US Marines Avenge Chinook Dead With Raid On Insurgents

US Marines Avenge Chinook Dead With Raid On Insurgents

PRESS ASSOCIATION -- The Taliban insurgents responsible for downing a US Chinook helicopter and killing 38 US and Afghan forces over the weekend have been killed themselves.

Marine Corps General John Allen said in Washington that forces learned where the insurgents had fled to and killed them in an early morning air strike.

The strike killed Taliban leader Mullah Mohibullah and the insurgent who fired the rocket-propelled grenade that downed the Chinook helicopter.

General Allen said that an F-16 airstrike on Monday took out fewer than 10 insurgents involved in the attack on the Chinook helicopter.

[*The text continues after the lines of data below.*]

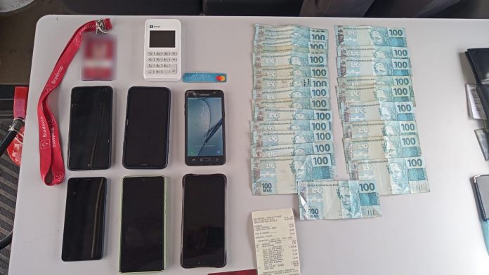 De posse das características, os militares foram ao encalço dos criminosos, logrando em localiza-los, porém ao perceberem a presença policial empreenderam fuga, entrando em dois veículos, sendo detidos em posse do dinheiro, um crachá com foto do abordado, uma máquina de cartão por aproximação, cinco aparelhos celulares. Conduzidos ao 2º Distrito Policial, ocorrência em andamento.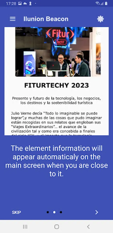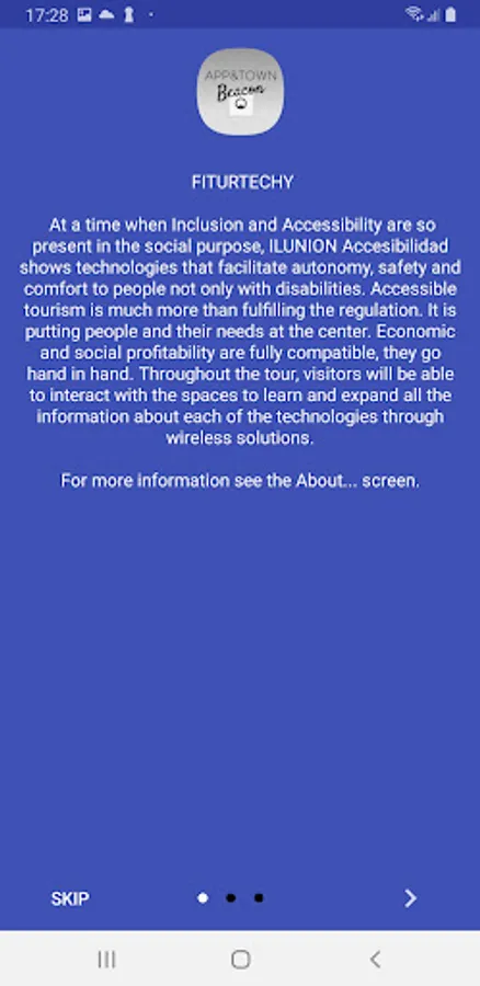 The ILUNION Beacon app uses App&Town Beacon technology, developed by Mass Factory, which allows the detection of nearby elements, through Bluetooth Low Energy Beacon technology. This allows all people to receive information about each item directly on their mobile. It can be used as an audio guide service, as well as an indoor guidance system, using this app.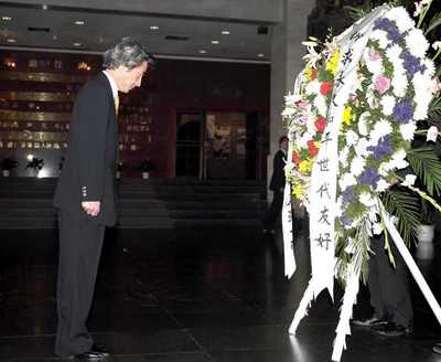 2001年10月8日,前来中国进行为期一天工作访问的日本首相小泉纯一郎参观北京西南的卢沟桥和中国人民抗日战争纪念馆。小泉纯一郎在中国人民抗日战争纪念馆有抗日军民持枪肃立的“血肉长城”巨幅雕塑前鞠躬、献花圈,并默哀。这是日本政府首脑第一次在这里献花圈,也是第一位在任的自民党首相前来中国人民抗日战争纪念馆参观。他在讲话中对因那场侵略战争而死难的中国人民表示“衷心的道歉和哀悼”。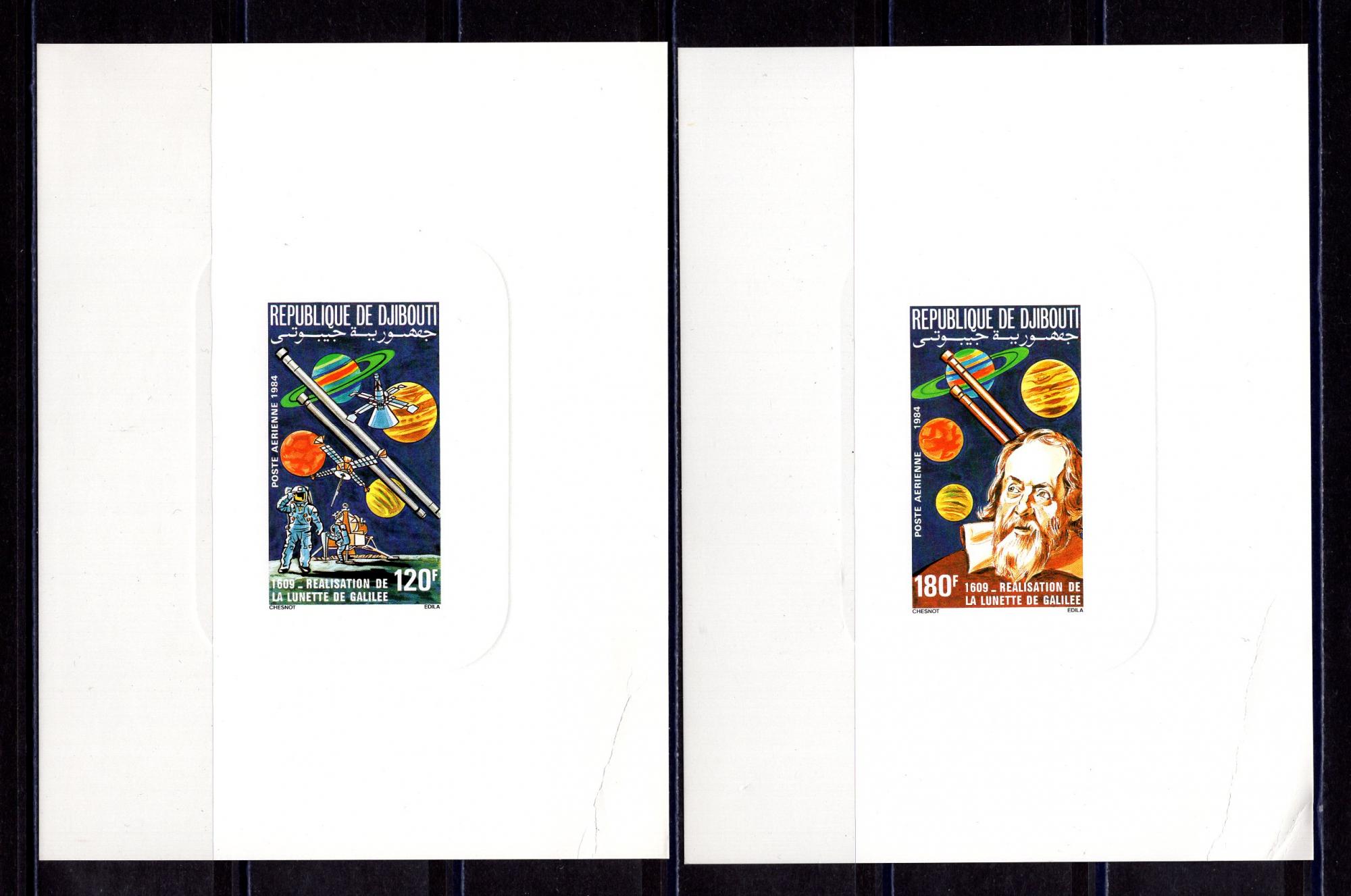 Почтовые марки. Джибути. 1984г. Космос. Галилей. №420-421. Люкс-Блоки. Тиснение. (См.сост. угол снизу)

The military said intelligence gained on the ground provided a high degree of confidence that the insurgent who fired the grenade was the person killed. It did not provide further details.

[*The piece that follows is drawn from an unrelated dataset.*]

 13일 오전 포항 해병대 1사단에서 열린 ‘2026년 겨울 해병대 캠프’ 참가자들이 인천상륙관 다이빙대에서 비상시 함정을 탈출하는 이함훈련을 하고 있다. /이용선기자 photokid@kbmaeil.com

General Allen defended the decision to send in the Chinook loaded with special operations forces to pursue insurgents escaping from the weekend firefight with Army Rangers in a dangerous region of Wardak province of eastern Afghanistan.

"We've run more than a couple of thousand of these night operations over the last year, and this is the only occasion where this has occurred," he said. "The fact that we lost this aircraft is not ... a decision point as to whether we'll use this aircraft in the future. It's not uncommon at all to use this aircraft on our special missions."

While officials believe the helicopter was shot down by a rocket-propelled grenade, General Allen said the military's investigation into the crash will also review whether small arms fire or other causes contributed to the crash.